According to legal expert Quirine van Maanen, going into business together is a bit like marriage.
“Sometimes there can be hesitancy and it’s a bit like a courtship,” she explains. “First of all we’ll dance around each other and maybe have a little kiss, then we’ll see if we like each other and then you might do the formal part…”
Of course, the mergers and acquisitions specialist from the Netherlands is not suggesting you actually get up close and personal with a potential partner or investor, but there’s a lot to be said for a corporate courtship when it comes to sharing your hopes and dreams – and profits – with someone else.
The joy of shared values
We know there’s a lot to gain from collaboration, like fresh inspiration, new skills, sharing burdens and resources and companionship, but what should you look for before taking the plunge? For Quirine, it all starts with understanding what you’re lacking yourself and finding a common direction.
“It’s not something you can contract,” she says. “It can be intuition and a gut feeling – do I like you? Do I want to work with you? – but it also has to be based on trust and common values. If you’re both serious entrepreneurs and you both have an idea of where you’re going, you can help each other; there’s a synergy and you can move forward on that.”
This is an area with which Quirine is familiar, particularly as she herself provides legal and strategic advice to start-ups. To use the old ‘opposites attract’ analogy, she often finds that the best partnerships are those where the collaborators are different characters with one the entrepreneur, the other a visionary.
“Someone can be the extrovert, the other the introvert.

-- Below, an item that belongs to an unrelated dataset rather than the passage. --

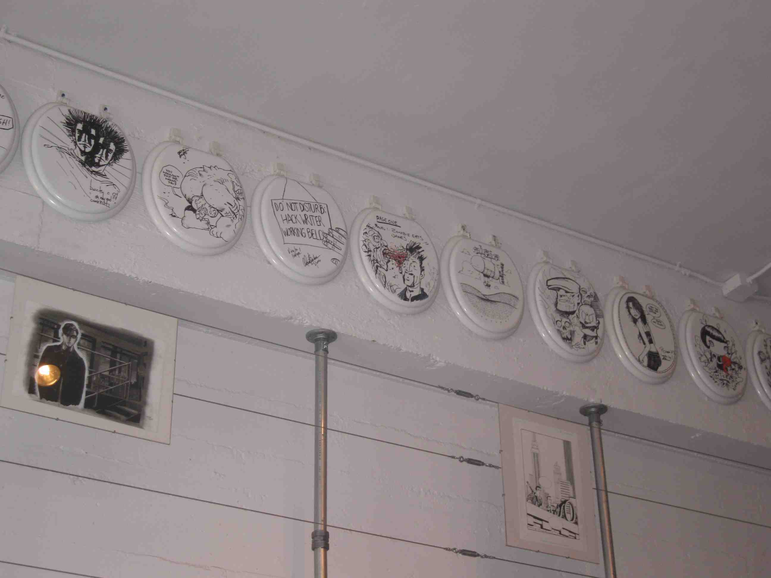 And the best part was the toilet seat. So, whenever an artist comes into the shop for something in store...they are forced to draw on a toilet seat.

One is on the inside of the company and the other is the face of the company. If you don’t want to be the front-runner, you have to be prepared to contribute to the other person’s success. Both of you should fully understand and respect the different roles and understand that you need each other because you can’t survive or be successful without the other.”
Time to make a commitment…
So, once you’ve found the one, as it were, how do you go about formalising your partnership? To channel the celebrity vibe – think Kim and Kanye – a business pre-nup is a good way to go.
“You can draft an agreement or a term sheet detailing certain phases, certain milestones. It can be a living document so that changes can be made if you both agree, but you have to ask yourselves ‘are we moving forward?’ ‘are we hitting the milestones?’. As you hit the milestones, you get to the go/no-go point and this makes everything clearer. Everyone should understand what their responsibilities are and what the end point is. And of course if you have a document and you have to put your signature on it, that’s the emotional tie – I have signed for this.”
And finally… show your vulnerability
So, if you’re ready to look for that special person, Quirine has one last piece of advice.
“Know what you haven’t got and be honest about it,” she says emphatically. “Decide what you want and don’t rush the initial ‘friendship’ stages. And don’t be afraid to reach out to your network, your contacts can help you or put you in front of someone else who can.”
You see? Even blind dates can lead to lasting relationships.